When finding the percent decrease, you're essentially trying to determine how much a value has reduced in relation to the original amount. This is especially useful in various fields such as finance, population studies, and general mathematics. To find the percent decrease, you follow these steps:

First, identify the original number and the new number. In our example, the original number of grizzly bears in 2010 was 602, and the new number in 2011 was 593.

Next, calculate the decline by subtracting the new number from the original number. In the exercise, this would result in: 602 - 593 = 9.

Once you have the decline, you move on to convert this value into a percentage. This transformation involves several critical steps, including decimal conversion and rounding.

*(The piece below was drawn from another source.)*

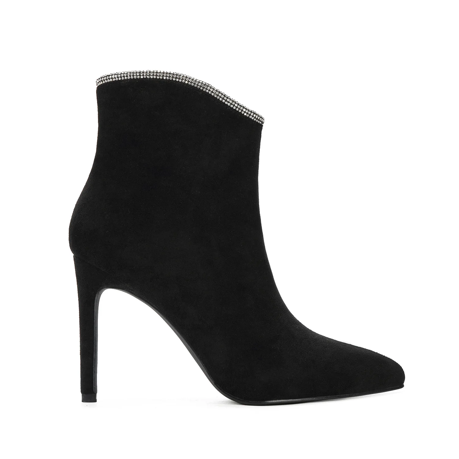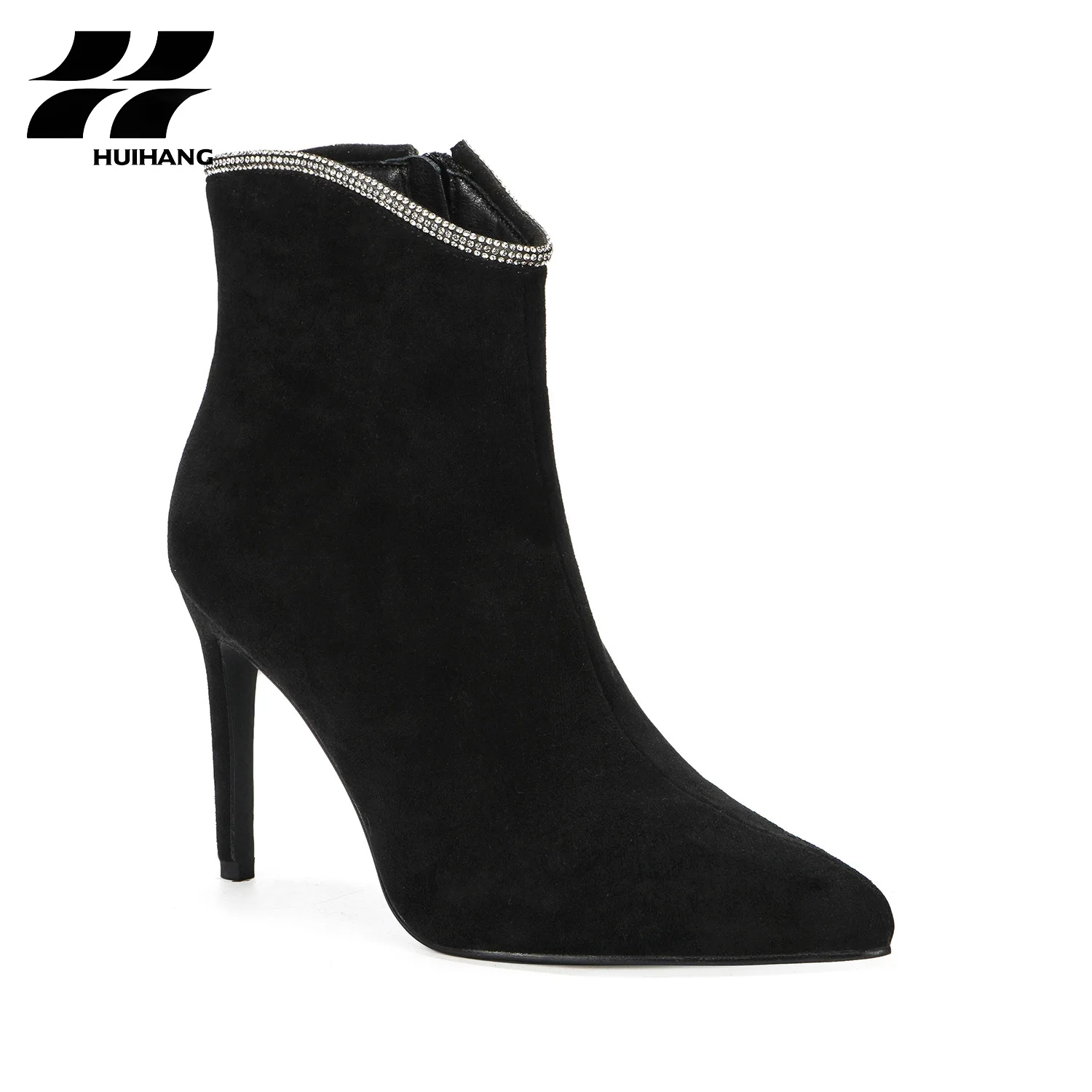 Iconic Women's High-Heel Ankle Boots Winter Solid Pattern Height Increasing with Comfortable Rhinestone Trim for Stylish Wear
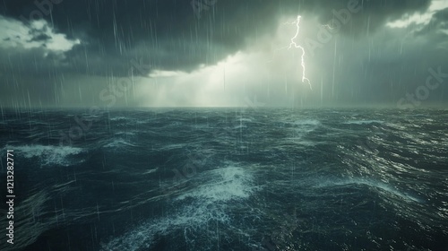 Stormy ocean, lightning strike, rain, waves, dramatic sky, nautical background, game asset

Decimal conversion is essential when dealing with percentages. After you determine the decrease (which is 9 in our example), you need to express this decrease as a fraction of the original number.

You do this by dividing the decrease by the original number: \( \frac{9}{602} \). Calculating this division gives us approximately 0.0149.

This decimal represents the ratio of the decrease to the original number. Decimal conversion helps simplify complex fractions and prepares the value for the next step: converting it to a percentage.

Subtraction is one of the fundamental operations in arithmetic. In the context of percent decrease, subtraction helps us find the difference between the original and new values.

Let's go through the subtraction step-by-step. We were given 602 grizzly bears in 2010 and 593 in 2011. First, you write down the original value (602) and subtract the new value (593): \( 602 - 593 = 9 \).

This result, 9, is the decrease in the number of bears. Subtraction is straightforward but crucial, as it lays the groundwork for further calculations like converting to a decimal and then to a percentage.

Rounding percentages is the final step in this exercise. After converting the decrease into a decimal, we multiply the decimal by 100 to obtain the percentage: \( 0.0149 \times 100 = 1.49 \).

Percentages often require rounding to make them easier to understand or to fit specific criteria (e.g., to the nearest tenth). In our problem, rounding 1.49 to the nearest tenth means examining the digit in the hundredths place. If this digit is 5 or more, round the tenths digit up.

Since 1.49 has a 9 in the hundredths place, we round up the 4 to get 1.5. Therefore, the approximate percent decrease in the grizzly bear population is 1.5%.